Most food start-ups can only dream of a permanent site in Covent Garden. These prime, high-rent locations are way out of reach for most new traders, who then spend years battling it out on the street food circuit.
But the young founders of Mandira have jumped in at the deep end – convincing landlords to lease them a shop in Long Acre.

Their concept is fresh and simple: a fresh yoghurt café, the first in London. Sounds daft? Don’t be fooled. There is a certain cunning logic to their plans.

Mandira serves up savoury and sweet yoghurt bowls with tempting toppings such as smoked salmon and dill, or dark chocolate and orange. These dishes hit the right notes for modern, health-conscious consumers: colourful and creative dishes that are easy on the wallet and look great on Instagram.

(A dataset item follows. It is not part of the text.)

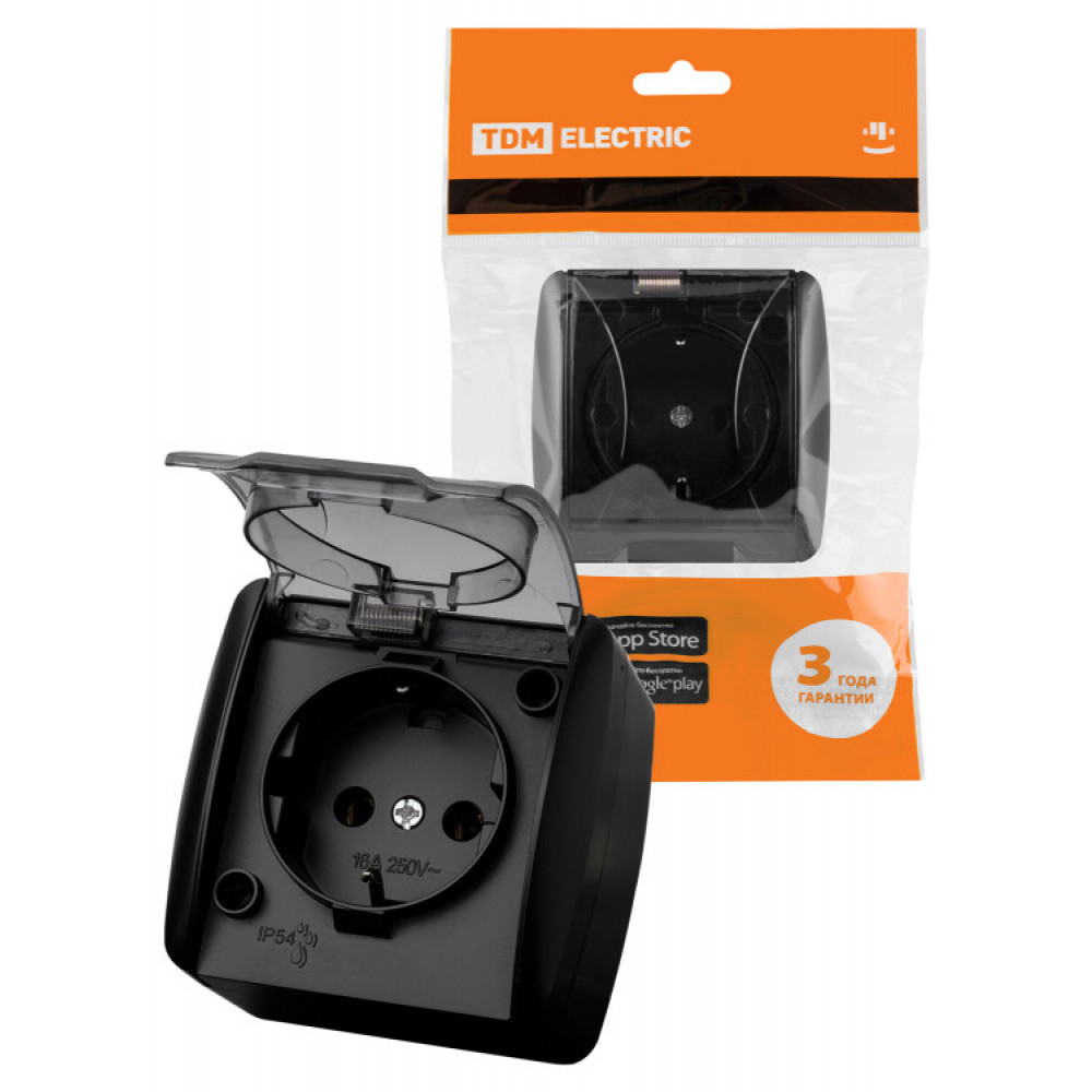 Описание Розетка 2П+3 открытой установки IP54 16А с прозрачной крышкой графит "Селигер" SQ1818-0307

I visited for lunch, taking a seat in their chic, shiny new space of marble counters and bare brick walls.
One of the owners is Turkish and grew up in a food-obsessed Jewish family in Izmir, a large city on the Aegean coast.

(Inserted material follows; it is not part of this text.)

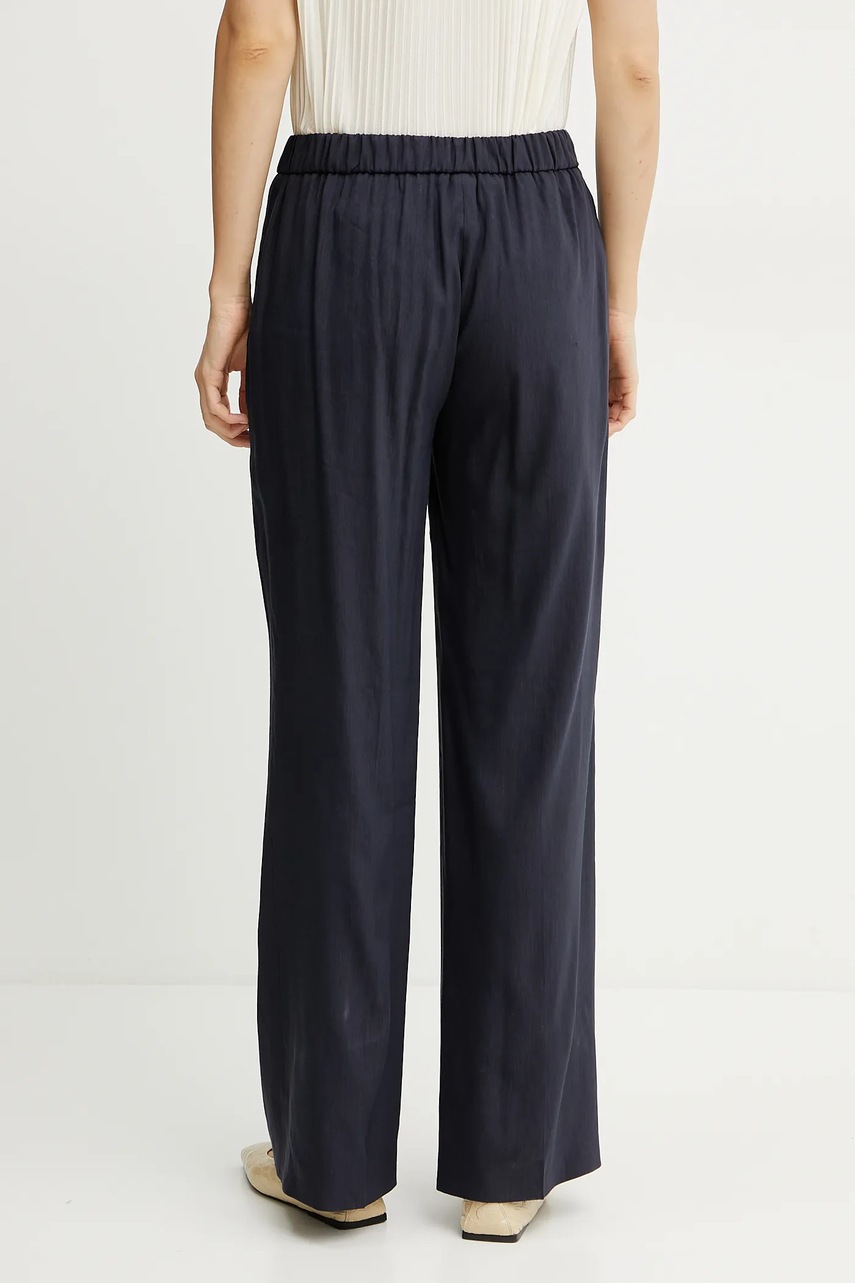 BOSS spodnie lniane damskie kolor granatowy proste high waist 50540608

The fresh produce from that part of the world is second to none. So fresh herbs and organic fruit and veg play a starring role on the Mandira menu.

I kicked off with an aubergine dish – a silky, smokey purée with roasted cherry tomatoes and a swirl of chilli powder and extra virgin olive oil. The yoghurt base (available low or full fat) works well, cooling down the heat of the dish. I recommend a side order of “simit”, a crisp Turkish bread similar to a bagel, so you can scoop it up like a spoon.

Other savoury combinations on the menu include avocado and beetroot, cucumber and mint, or hummus and za’atar.

If you don’t fancy lashings of yoghurt, Mandira also offers seasonal soups such as butternut squash and a range of simit sandwiches.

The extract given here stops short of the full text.